Fix noise/latent tensor mismatch when latent is nested but noise is not

When using LTXAV (audio+video) workflows, latent_image is a NestedTensor but noise may be a regular tensor. Calling unbind() on non-nested noise splits along dim=0 (channels), producing a shape mismatch at noise_scaling. Check whether noise is nested before unbinding.
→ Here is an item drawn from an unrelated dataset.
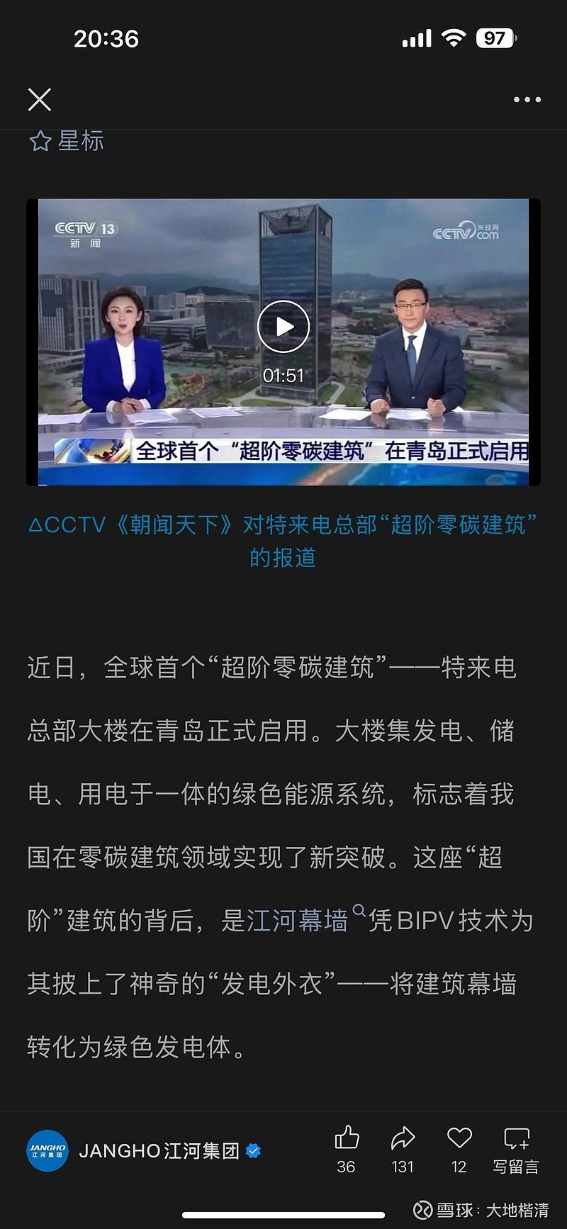 近日,全球首个零碳建筑在青岛投入使用。江河集团的光伏幕墙迎来大规模应用拐点。

If not, pad with zero-noise for additional components (e.g. audio), which is semantically correct since those components don't need denoising in the video sampler.
2026-06-19 22:39:24 +08:00 · 2026-04-07 06:07:26 -04:00 · 2026-04-07 06:07:26 -04:00 · 2beca418ad
commit 2beca418ad
parent b615af1c65
1 changed files with 10 additions and 2 deletions
--- a/comfy/samplers.py
+++ b/comfy/samplers.py
@ -1006,8 +1006,16 @@ class CFGGuider:
            return latent_image
        if latent_image.is_nested:
-            latent_image, latent_shapes = comfy.utils.pack_latents(latent_image.unbind())
+            li_tensors = latent_image.unbind()
-            noise, _ = comfy.utils.pack_latents(noise.unbind())
+            if noise.is_nested:
                n_tensors = noise.unbind()
            else:
                # Noise only covers video -- pad remaining components (audio) with zeros
                n_tensors = [noise]
                for i in range(1, len(li_tensors)):
                    n_tensors.append(torch.zeros_like(li_tensors[i]))
            latent_image, latent_shapes = comfy.utils.pack_latents(li_tensors)
            noise, _ = comfy.utils.pack_latents(n_tensors)
        else:
            latent_shapes = [latent_image.shape]